(ASSIGNMENT):
Please copy only the material from the line that has "德国手电筒充电手摇太阳能强光" to the very last line, both ends included, exactly as written and without pictures.

(DATASET EXCERPT):

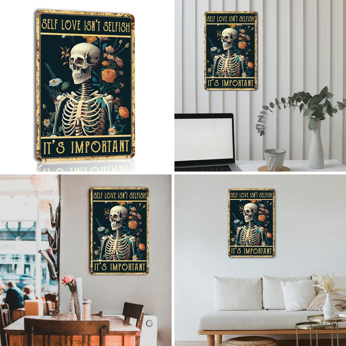Este letrero metálico retro con diseño de calavera de la marca kasitny es perfecto para quienes buscan inyectar personalidad y un toque oscuro a su decoración. Ideal para habitaciones góticas, espacios de trabajo alternativos, o como detalle inesperado en cualquier rincón que necesite un giro. Su estética se alinea con los estilos grunge, punk y rock, pero su versatilidad sorprende.
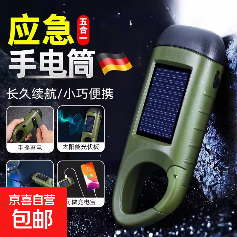 德国手电筒充电手摇太阳能强光可携式超亮家用多功能移动充小手灯 森绿【升级五合一款】太阳能/手摇/USB充电
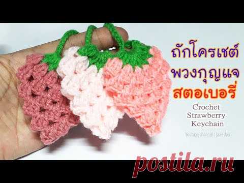 ถักโครเชต์พวงกุญแจสตอเบอรี่ Crochet Strawberry Keychain
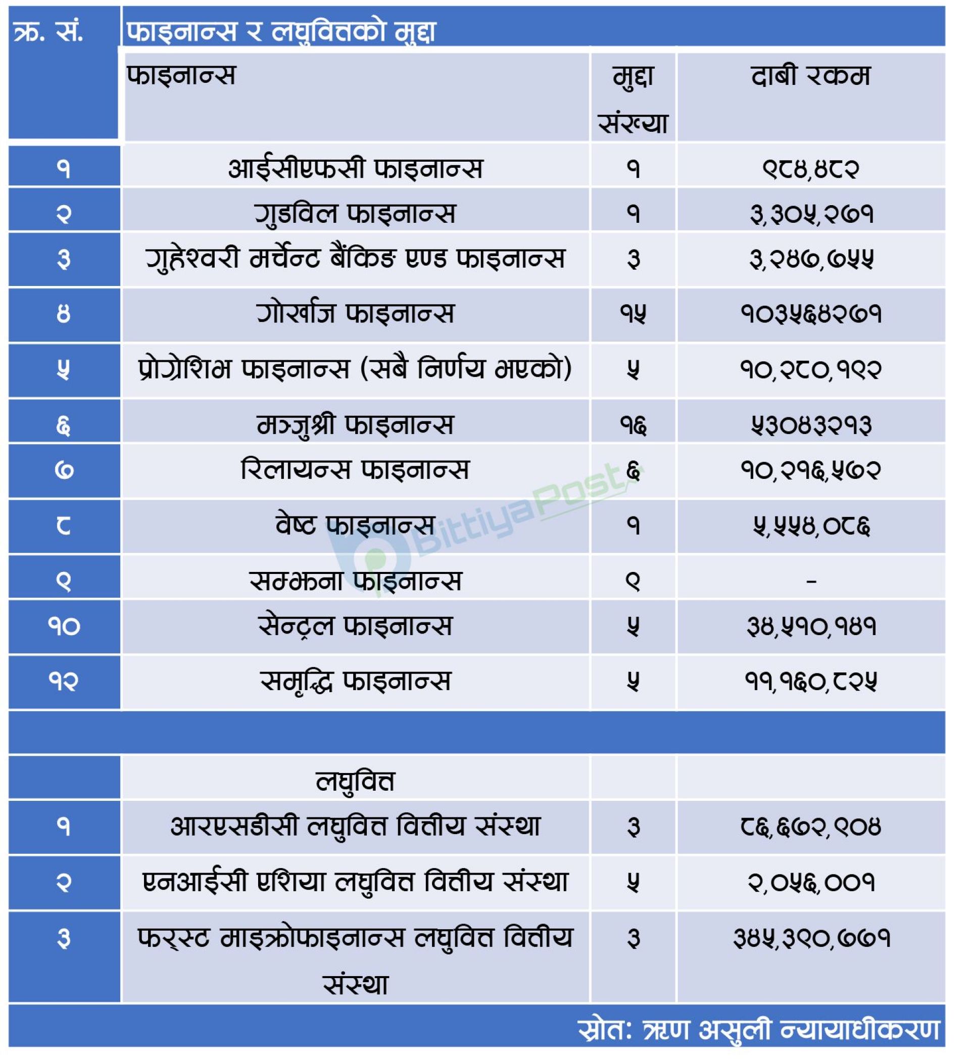 यसैगरी समीक्षा अवधिमा फाइनान्स कम्पनीबाट २३ करोड ५८ लाख ६६ हजार रुपैयाँ बराबरको मागदाबीसहित ६७ वटा मुद्दा परेका छन् । सूचना अधिकारी ढकालका अनुसार लगानीको रकम उठाउन नसकेको भन्दै ४३ करोड ४१ लाख १९ हजार रुपैयाँ बराबरको मागदावी सहित तीनवटा माइक्रोफाइनान्स कम्पनीले ११ वटा मुद्दा दायर गरेका छन् ।

(TASK OUTPUT):
 德国手电筒充电手摇太阳能强光可携式超亮家用多功能移动充小手灯 森绿【升级五合一款】太阳能/手摇/USB充电
 ถักโครเชต์พวงกุญแจสตอเบอรี่ Crochet Strawberry Keychain
 यसैगरी समीक्षा अवधिमा फाइनान्स कम्पनीबाट २३ करोड ५८ लाख ६६ हजार रुपैयाँ बराबरको मागदाबीसहित ६७ वटा मुद्दा परेका छन् । सूचना अधिकारी ढकालका अनुसार लगानीको रकम उठाउन नसकेको भन्दै ४३ करोड ४१ लाख १९ हजार रुपैयाँ बराबरको मागदावी सहित तीनवटा माइक्रोफाइनान्स कम्पनीले ११ वटा मुद्दा दायर गरेका छन् ।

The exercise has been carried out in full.